Therefore, we get the explicit solution of Equation (7):

$$\begin{array}{c}v(x,y,t)=max(\widetilde{{\beta }_1}{e}^x+\widetilde{{\beta }_2}{e}^y-K,0)+e^{x+y}{t}^{\alpha }\hfill \\ +max(\widetilde{{\beta }_1}{e}^x,0)\frac{t^{\alpha }{\sigma }_1^2}{2}{E}_{\alpha ,\alpha +1}(\frac{t^{\alpha }{\sigma }_1^2}{2})+\max (\widetilde{{\beta }_2}{e}^y,0)\frac{t^{\alpha }{\sigma }_2^2}{2}{E}_{\alpha ,\alpha +1}(\frac{t^{\alpha }{\sigma }_2^2}{2})\hfill \\ +\left(e^{x+y}\left(\frac{{\sigma }_1^2}{2}+\frac{{\sigma }_2^2}{2}+\rho {\sigma }_1{\sigma }_2\right)\mathsf{\Gamma }(\alpha +1)t^{2\alpha }{E}_{\alpha ,2\alpha +1}\left(t^{\alpha }\left(\frac{{\sigma }_1^2}{2}+\frac{{\sigma }_2^2}{2}+\rho {\sigma }_1{\sigma }_2\right)\right)\right)\hfill \\ -e^{x+y}\mathsf{\Gamma }(\alpha +1)t^{\alpha }{E}_{\alpha ,\alpha +1}\left(t^{\alpha }\left(\frac{{\sigma }_1^2}{2}+\frac{{\sigma }_2^2}{2}+\rho {\sigma }_1{\sigma }_2\right)\right)\hfill \end{array}$$

(25)

where $E_{a,b}(z)={\sum }_{k=0}^{\infty }\frac{z^k}{\mathsf{\Gamma }(ak+b)}$ is the Generalized Mittag-Leffler function [35] which a and b are constants.

4. Numerical Examples

In this section, an series solution of European call option based on Black-Scholes model with two assets as in Equation (25) is computed by using MATLAB programming. The simulations are carried out using the financial parameters given in

Table 1. Parameters of the numerical solution.

Parameters	Value
strike price, K (dollars)	70
risk-free interest rate (per year), r	$5\%$
maturity time, T (year)	1
volatility of the underlying first assets (per year), ${\sigma }_1$	$10\%$
volatility of the underlying second assets (per year), ${\sigma }_2$	$20\%$
correlation, $\rho$	0.5
${\beta }_1$	2
${\beta }_2$	1

.

The graphs of the transformed explicit solution v and original explicit solution c in the case of call option are plotted in Figure 1, Figure 2, Figure 3, Figure 4 and Figure 5. In Figure 1, the solutions v and c are plotted at a day before an expiration date over a range of $0\le S_1\le 200$ and $0\le S_2\le 200$ surrounding at the strike price with order $\alpha =0.9$. The results show that the option values increase significantly when the stock prices increase.

By setting $S_2=10$, the solutions v and c with order $\alpha =0.9$ are plotted in Figure 2a,b.
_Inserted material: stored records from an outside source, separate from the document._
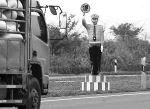 4月20日,在海口绕城高速,一座仿真警察手持警示牌全天候“上岗执勤”。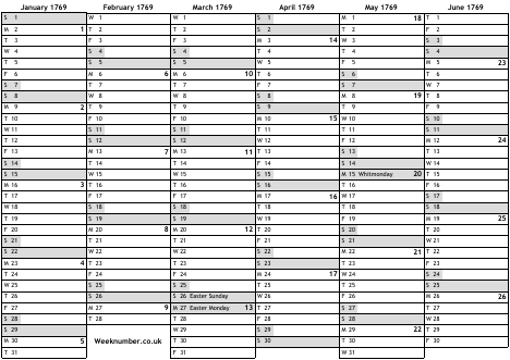 1769 calendar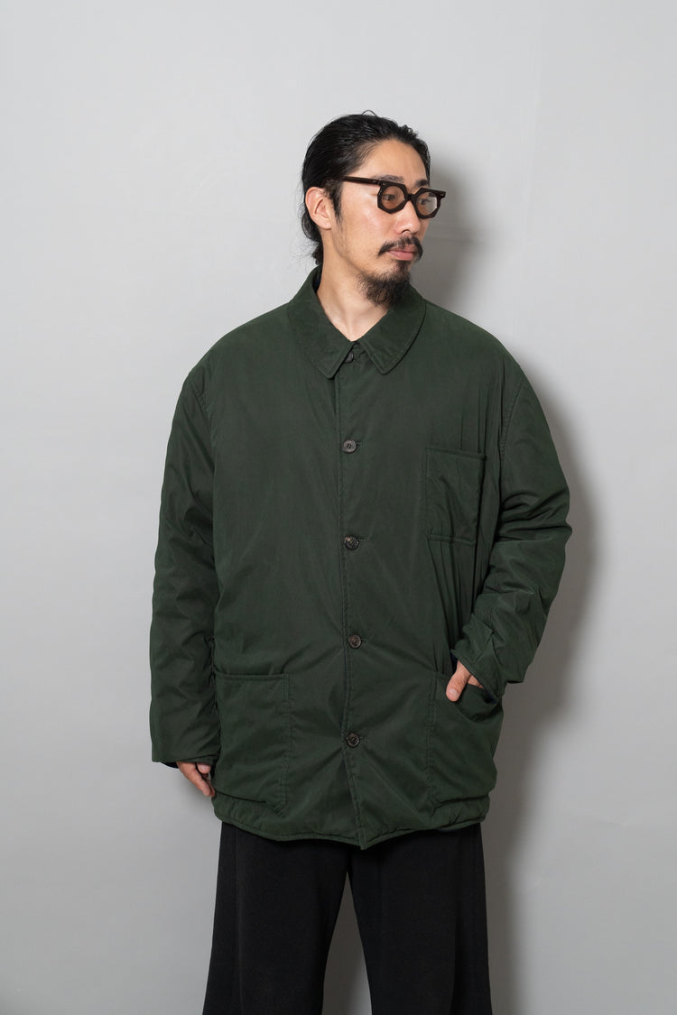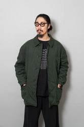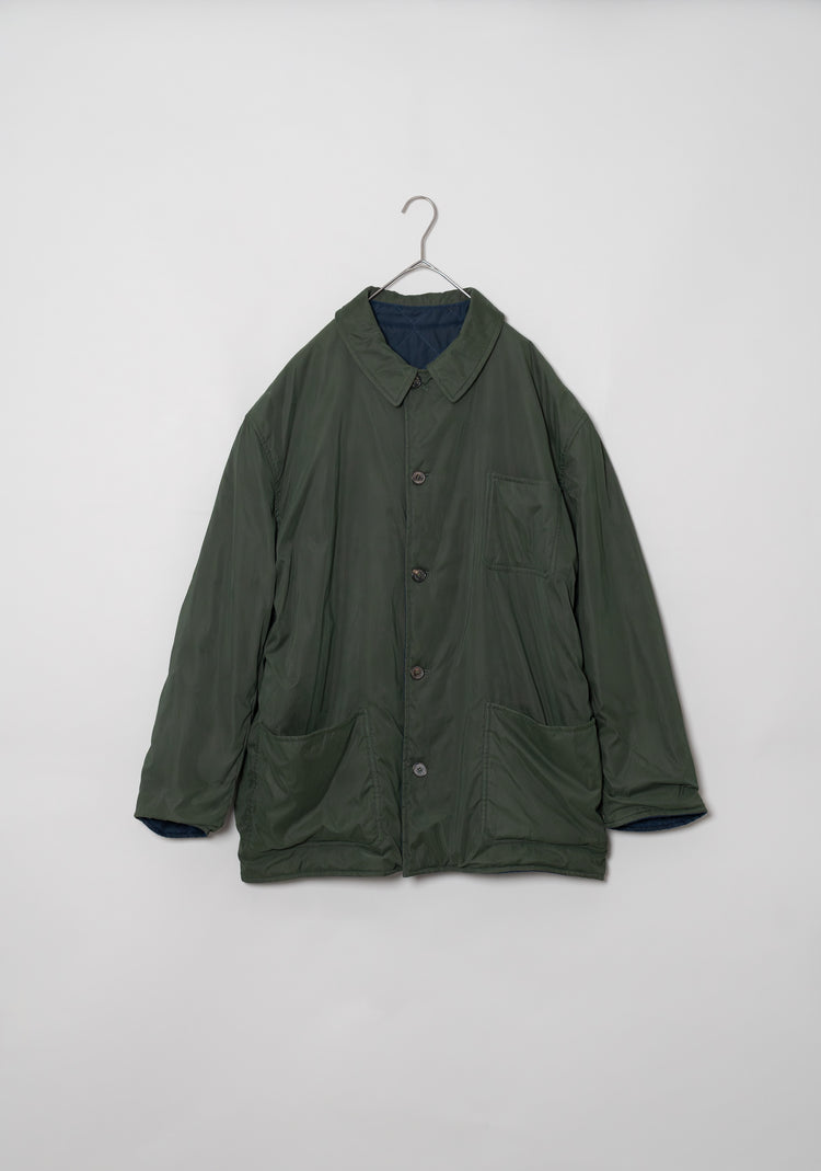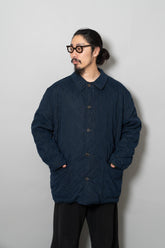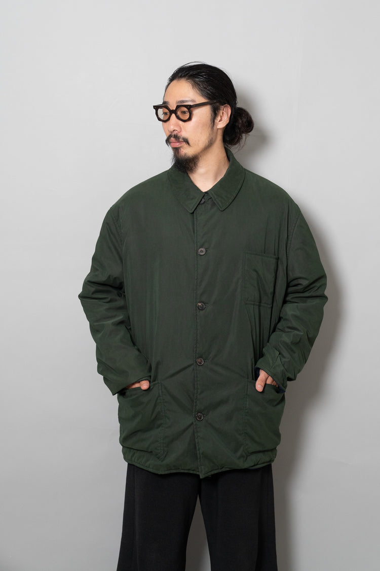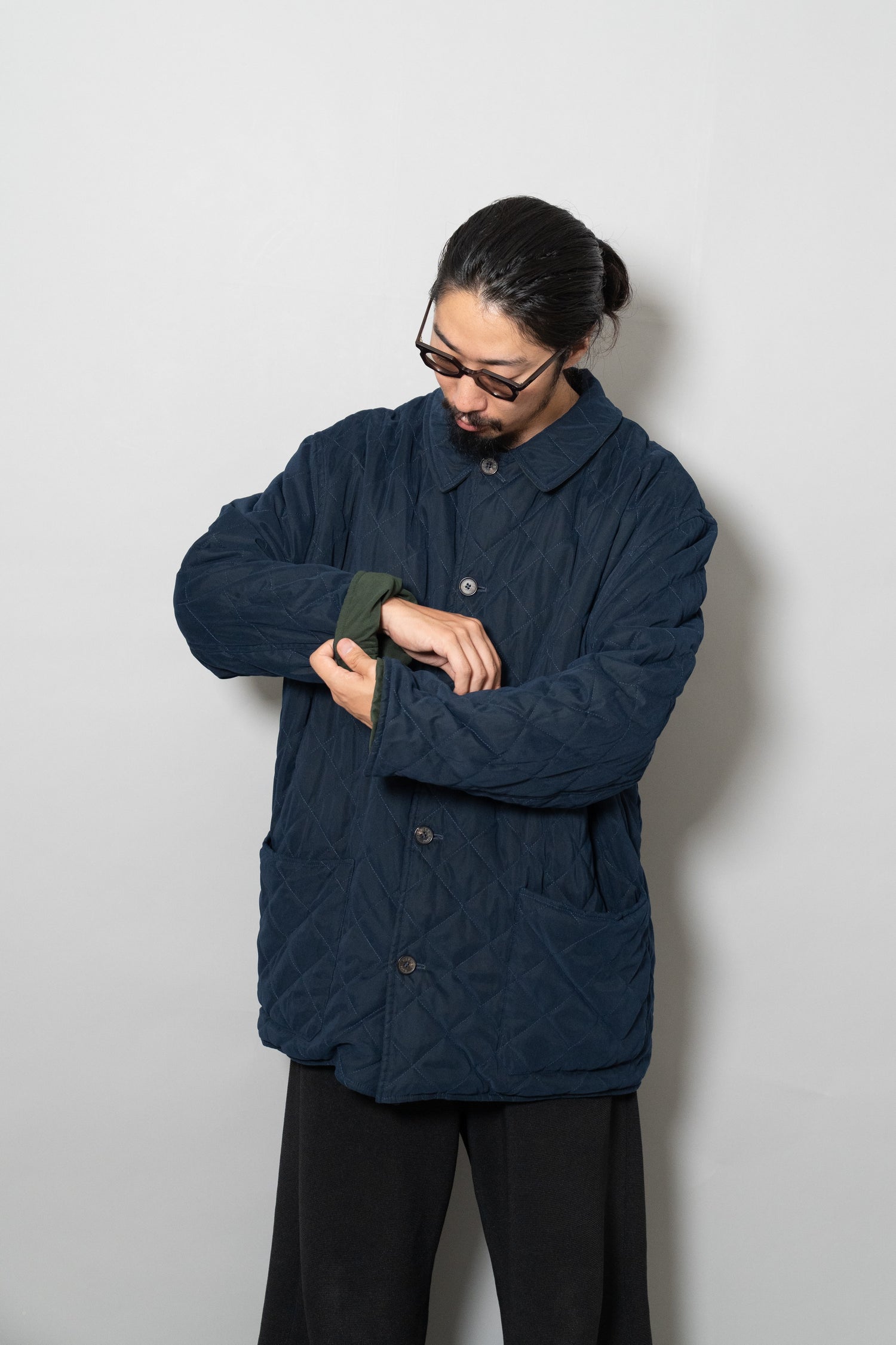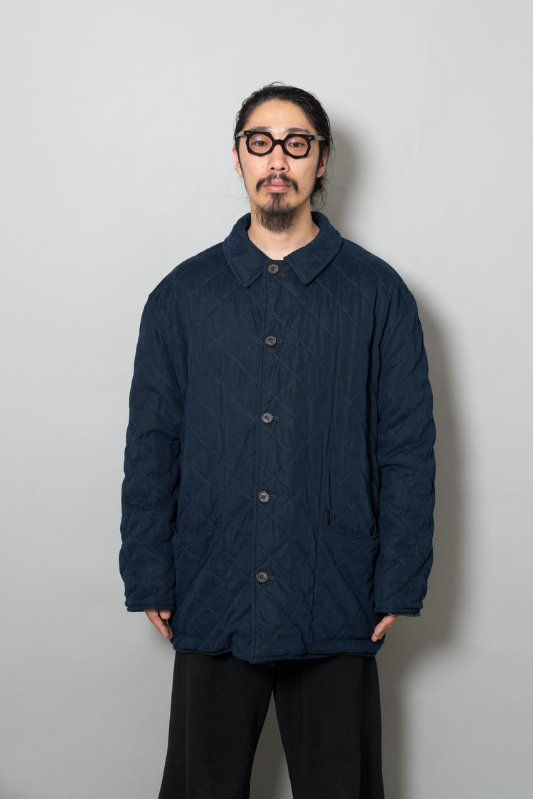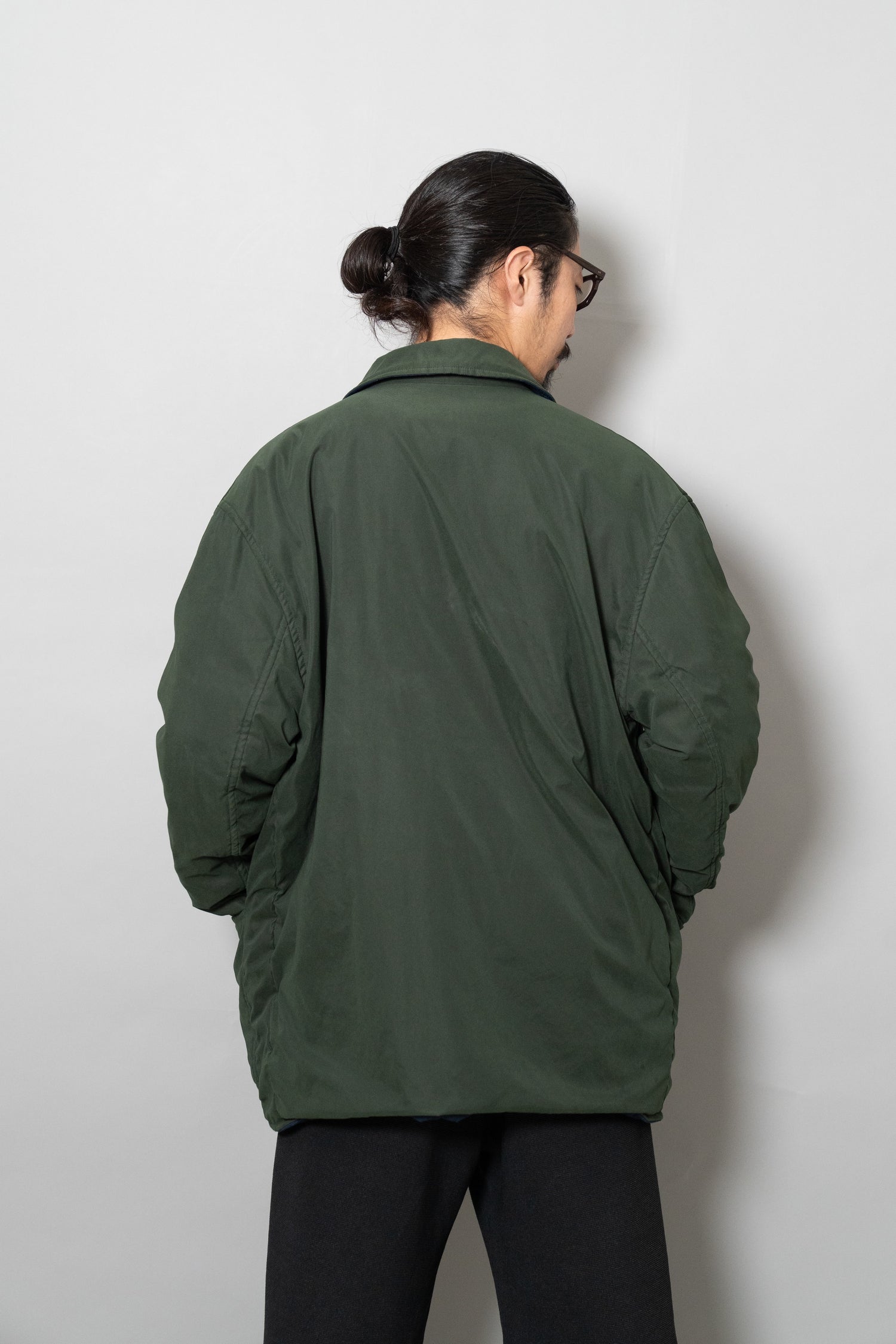 キルティング面は中綿を包み込むことで軽やかな保温性を確保しつつ、ステッチワークによって立体的な陰影を生み出しています。これは単なる防寒着ではなく、光と動きに応じてニュアンスを変える「ファブリックの美」を表現したもの。対してプレーンな面は、素材本来の質感を前面に押し出し、よりシックで落ち着いた印象を演出します。両面ともポケットが配され、機能性を損なうことなくデザインが成立している点も見逃せません。

With increasing $S_1$ from 0 to 50, the option price c reaches to zero. It is similar to c, v also reaches to zero when x increases from 2 to 4. The option price c increases linearly when the stock price is greater than 50. The solution v increases exponentially when x is greater than 4.
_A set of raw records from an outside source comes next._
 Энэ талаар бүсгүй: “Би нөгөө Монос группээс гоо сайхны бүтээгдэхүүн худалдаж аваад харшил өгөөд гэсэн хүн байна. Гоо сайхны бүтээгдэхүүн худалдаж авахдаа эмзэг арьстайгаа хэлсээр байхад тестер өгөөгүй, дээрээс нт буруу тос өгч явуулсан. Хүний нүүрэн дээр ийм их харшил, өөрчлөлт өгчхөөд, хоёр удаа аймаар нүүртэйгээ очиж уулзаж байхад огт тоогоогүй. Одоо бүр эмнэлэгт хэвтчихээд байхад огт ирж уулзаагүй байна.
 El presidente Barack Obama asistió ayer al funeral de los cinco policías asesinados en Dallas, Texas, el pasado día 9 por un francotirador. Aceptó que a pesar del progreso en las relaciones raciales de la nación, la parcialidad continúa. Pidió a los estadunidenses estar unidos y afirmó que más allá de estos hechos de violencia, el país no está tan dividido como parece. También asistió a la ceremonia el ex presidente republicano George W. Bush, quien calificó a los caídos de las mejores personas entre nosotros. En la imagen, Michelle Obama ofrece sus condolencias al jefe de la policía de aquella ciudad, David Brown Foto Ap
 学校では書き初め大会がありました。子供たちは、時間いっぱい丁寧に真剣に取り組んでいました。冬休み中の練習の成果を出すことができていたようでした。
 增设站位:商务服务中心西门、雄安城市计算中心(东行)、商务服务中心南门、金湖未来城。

Figure 3 shows the surface plot of call option with $S_1=10$ over a range of stock price $0\le S_2\le 200$ and time $0\le t\le 1$. With increasing $S_2$ from 0 to 40, the option price c reaches to zero. v also reaches to zero when x increase from 2 to $3.8$. After that the option price c increases linearly when stock price is greater than 40. The solution v increases exponentially when x is greater than $3.8$.

At a day before an expiration date, the European call option price over the stock price $S_1$ and $S_2$ for various order $\alpha =0.5,0.7$ and $0.9$ is investigate. Effects of fractional order $\alpha$ on c for different orders when $S_2=5$ and $S_1=10$ are shown in Figure 4a,b, respectively. The comparison indicates that a higher order $\alpha$ gives a lower call option price. In Figure 5, the solution plot of v is similar trend to c. It is noted that a higher order $\alpha$ gives a lower option price v. Moreover, the option prices v increases rapidly after $x=4.2452$ and $y=3.4589$ as shown in Figure 5a,b, respectively. Consequently, we can conclude that the effect of time derivative order $\alpha$ has a small effect on the option price.

The values of European call option with the correlation varying from $-1$ to 1 is presented in Figure 6 at a day before an expiration date. The effects of stock price $S_2$ with some fixed stock prices $S_1$ and y with some fixed value x are investigated. Three values of $S_1$ including 50, 80 and 100 and three values of x including 3.8671, 4.3371 and 4.6556 are chosen for $S_2=5$ and $y=1.6093$. The result shows that the relationship between the European call option and the correlation is the increasing linear pattern. In addition, the rate of change of European call options v and c with respect to $\rho$ are also similar to each other as shown in Figure 6a,b.

5. Conclusions

The fractional Black-Scholes equations is a generalized version of the classical model which extend the restriction of using the model for finding the option price. As shown in the result, you can see that if parameters were not changed in the model, we obtain the difference value of option price with the different order. As a result, the fractional Black-Scholes model is more practical than the integer order model. This work introduced the Laplace homotopy perturbation method in order to find the explicit solution in time-fractional Black-Scholes model with two assets. By using the LHPM, the explicit solution can be written in the form of a special function, generalized Mittag-Leffer function. The benefit of the explicit solution form is easy to use for finding the European call option which depends on two stock price. Moreover, the numerical examples of the solution are presented to illustrate the explicit solution.